ENTRIES SHOWN:
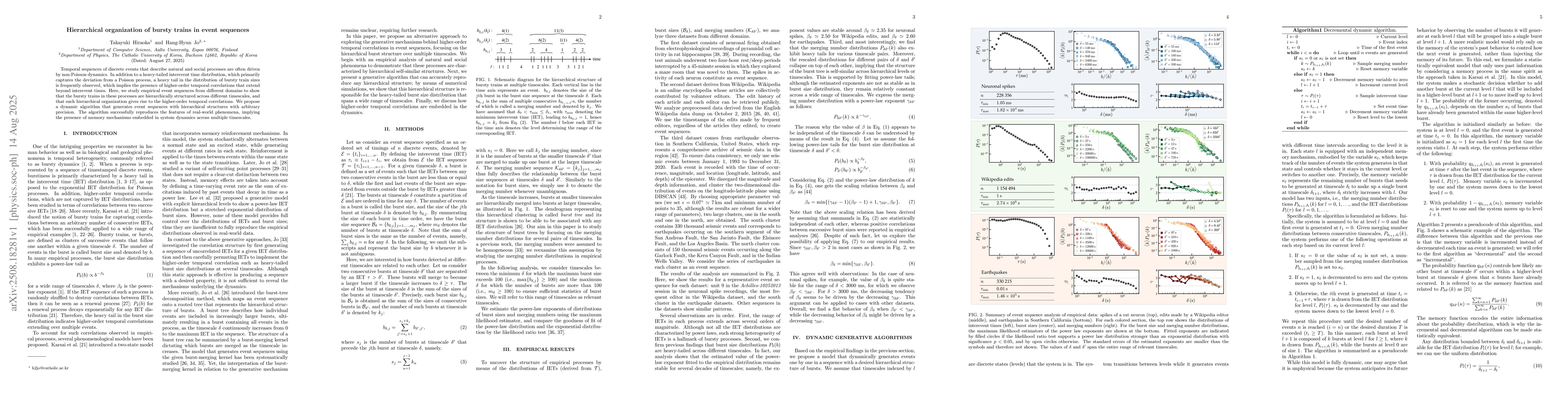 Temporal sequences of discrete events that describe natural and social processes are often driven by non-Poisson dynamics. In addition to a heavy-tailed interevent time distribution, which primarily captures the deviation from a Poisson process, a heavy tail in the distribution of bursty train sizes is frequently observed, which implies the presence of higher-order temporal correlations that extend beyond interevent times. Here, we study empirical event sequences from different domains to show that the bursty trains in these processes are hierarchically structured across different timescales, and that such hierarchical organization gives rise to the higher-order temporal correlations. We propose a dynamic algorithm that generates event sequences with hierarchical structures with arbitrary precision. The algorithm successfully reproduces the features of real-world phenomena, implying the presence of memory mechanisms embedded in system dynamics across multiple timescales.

--

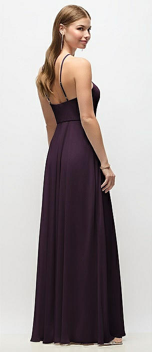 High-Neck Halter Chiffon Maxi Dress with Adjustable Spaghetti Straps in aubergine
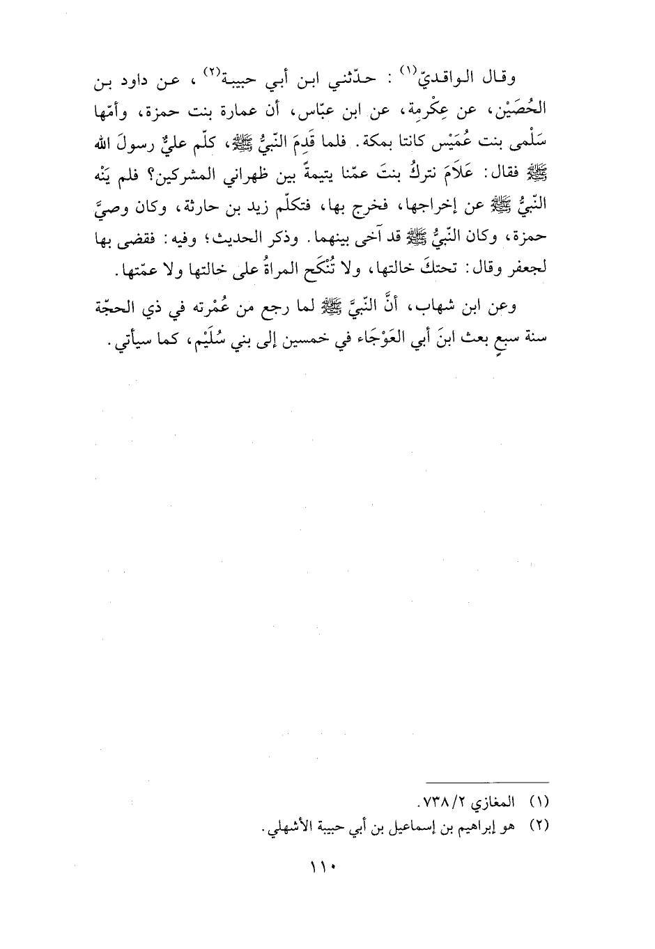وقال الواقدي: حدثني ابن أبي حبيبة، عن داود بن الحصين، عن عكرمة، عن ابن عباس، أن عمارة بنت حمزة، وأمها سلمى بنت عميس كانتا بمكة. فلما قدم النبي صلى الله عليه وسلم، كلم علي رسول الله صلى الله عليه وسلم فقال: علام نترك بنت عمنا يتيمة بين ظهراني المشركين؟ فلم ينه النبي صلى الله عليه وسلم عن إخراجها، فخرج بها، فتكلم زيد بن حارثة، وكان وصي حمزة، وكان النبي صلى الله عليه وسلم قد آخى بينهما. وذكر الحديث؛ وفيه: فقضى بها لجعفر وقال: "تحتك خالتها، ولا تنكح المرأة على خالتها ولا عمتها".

PROBLEM DETAILS:
In the data above, find the line containing "High-Neck Halter Chiffon" and the line containing "وقال الواقدي: حدثني". Copy exactly the stretch from the first through the second, both included, leaving out any picture.

THE ANSWER:
 High-Neck Halter Chiffon Maxi Dress with Adjustable Spaghetti Straps in aubergine
وقال الواقدي: حدثني ابن أبي حبيبة، عن داود بن الحصين، عن عكرمة، عن ابن عباس، أن عمارة بنت حمزة، وأمها سلمى بنت عميس كانتا بمكة. فلما قدم النبي صلى الله عليه وسلم، كلم علي رسول الله صلى الله عليه وسلم فقال: علام نترك بنت عمنا يتيمة بين ظهراني المشركين؟ فلم ينه النبي صلى الله عليه وسلم عن إخراجها، فخرج بها، فتكلم زيد بن حارثة، وكان وصي حمزة، وكان النبي صلى الله عليه وسلم قد آخى بينهما. وذكر الحديث؛ وفيه: فقضى بها لجعفر وقال: "تحتك خالتها، ولا تنكح المرأة على خالتها ولا عمتها".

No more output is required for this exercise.